Bilal bin Rabah was Muhammad's (S.A.A.S) loyal black slave. He freed Bilal and appointed him as a muezzin; and Bilal called the faithful to prayer from the minaret of the mosque of the Kaaba in newly-conquered Mecca. As opposed to Bilal, however, the sahaba, Muhammad's faithful companions, who like Bilal accompanied Muhammad (S.A.A.S) in his prophetic mission, were appointed to high positions as Caliphs and district governors. Bilal with his hoarse voice called the faithful to prayer five times a day, but few answered the call. Both Muslims and infidels in Mecca made fun of him, saying he brayed like a donkey, and many of them paid no attention to his calls to prayer.
I cannot help asking myself if the Muslim Brotherhood's dream were to come true today, and the followers of Mohamed Morsi, America's darling, did actually take over the world with their radical Islamic agenda, would they elevate Obama to some high office? Sadly, if radical Islam actually managed to realize its goal and take control of America and Europe, the Muslims who follow the tradition of Muhammad would appoint Obama to a post no higher than muezzin of the Chicago mosque.
For this reason, when I see black Americans convert to Islam (like Congressman Keith Ellison, who converted to Islam from Catholicism), with their weird empathy and incomprehensible yen for Islam and Hamas, I am amazed and horrified by the ignorance of their choice. Do they not know that Muslims were the slave traders who captured Africans and sold them to America? Do they not know that to this day many Muslims in the Arab world disregard blacks and treat them like slaves?

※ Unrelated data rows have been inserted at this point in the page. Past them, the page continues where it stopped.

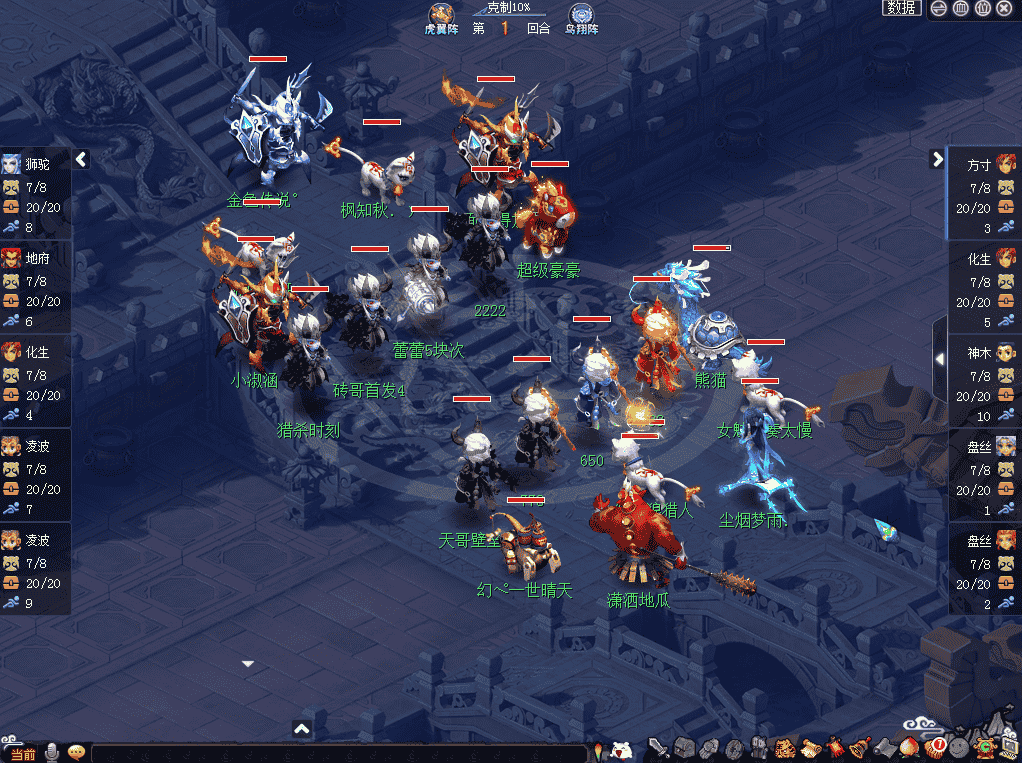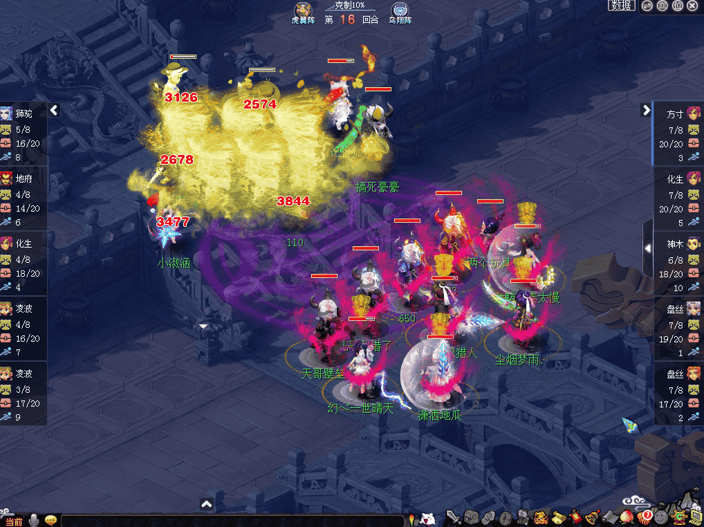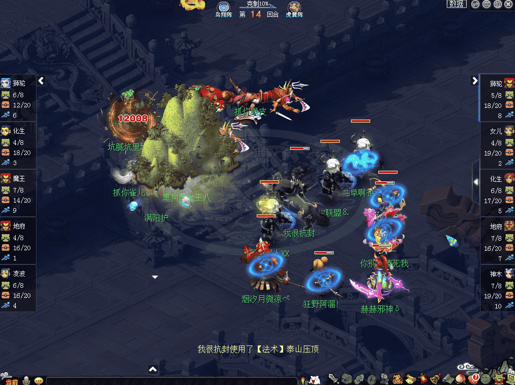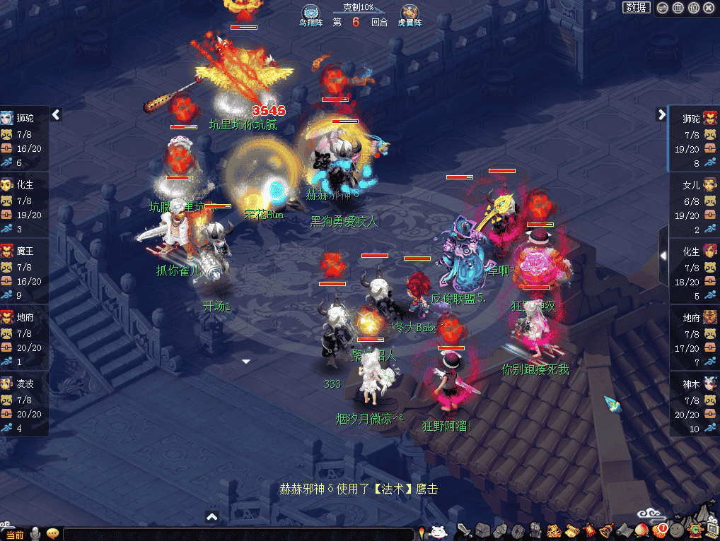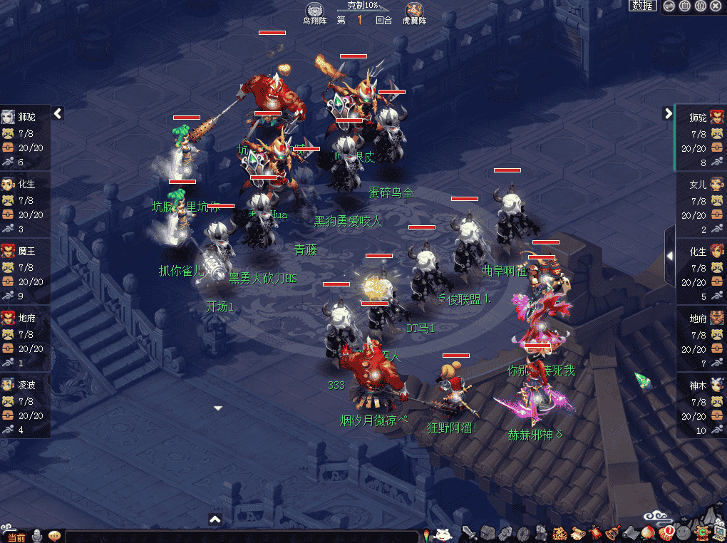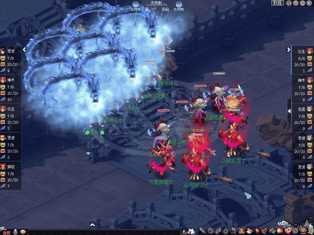 曲阜孔庙与橘子洲服务器“血色”帮派的一场战斗中,曲阜孔庙开局虎阵被对手鸟阵大克10%,并且对方地府拿到了全场1速。比赛开始后,曲阜孔庙并没有因为被大克而陷入被动,反而主动进攻,凭借己方神木林和狮驼岭的配合接连秒掉对方关键角色。
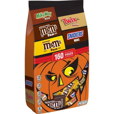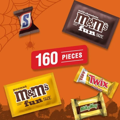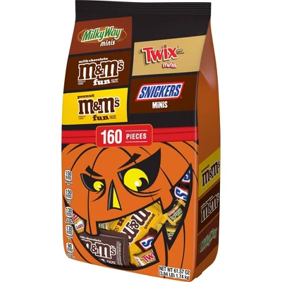 As the doorbell rings and ghouls and goblins appear, celebrate Treat Season with this wickedly delicious assortment. This bewitching blend of fun size and mini bulk Halloween candy bag, features 160 pieces of M&M’S Milk Chocolate, M&M’S Peanut, SNICKERS, TWIX, and MILKY WAY Halloween chocolates.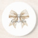 Dessous De Verre En Grès Glitzy Silver Cream Bow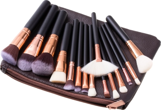 Set vsebuje 15 čopičev različnih oblik in velikosti, idealnih za različne tehnike nanašanja ličil.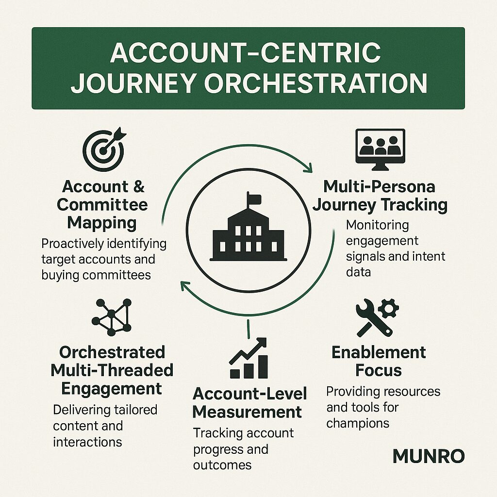 - Account-Centric Measurement: Shift performance measurement from lead-based metrics (MQLs) to account-level engagement, buying committee activation, and journey progression indicators.

In Arab political circles in the Gulf States, Condoleezza Rice and other black politicians are called a'bd or a'bda, the Arabic word for slave. In the Muslim Brotherhood scenario, Congressman Keith Ellison would not be a member of the Islamic Council (the Shura) and Secretary Rice would not be allowed to leave the house without a male relative, to say nothing of flying off on diplomatic missions around the world. She would stay at home and look at the world through the square veil in her hijab.
From the heart of the Middle East chaos I ask myself why we accepted such enormous quantities of arms from America without being able to use them. Why can we not unite and ourselves get rid of dictators like Assad? Why do American soldiers have to die for us? Where is Qatar, which relies on the United States for its defense but operates Al-Jazeera TV for the Muslim Brotherhood's jihad and incites the Arabs to internecine wars and creates chaos? Where are Saudi Arabia and the other Gulf States? Where is Turkey? Where is Egypt and its glorious army? Because of America's empty declarations, which the Arab-Muslim world scorns like the braying of a donkey, I understand why America lost its deterrence and ability to fight. I understand why no one takes America seriously, and I can only come to the conclusion that it is time for us, Arabs and Muslims, to take our fate in our own hands: the time has come to worry about ourselves.
Ali Salim is a scholar based in the Middle East.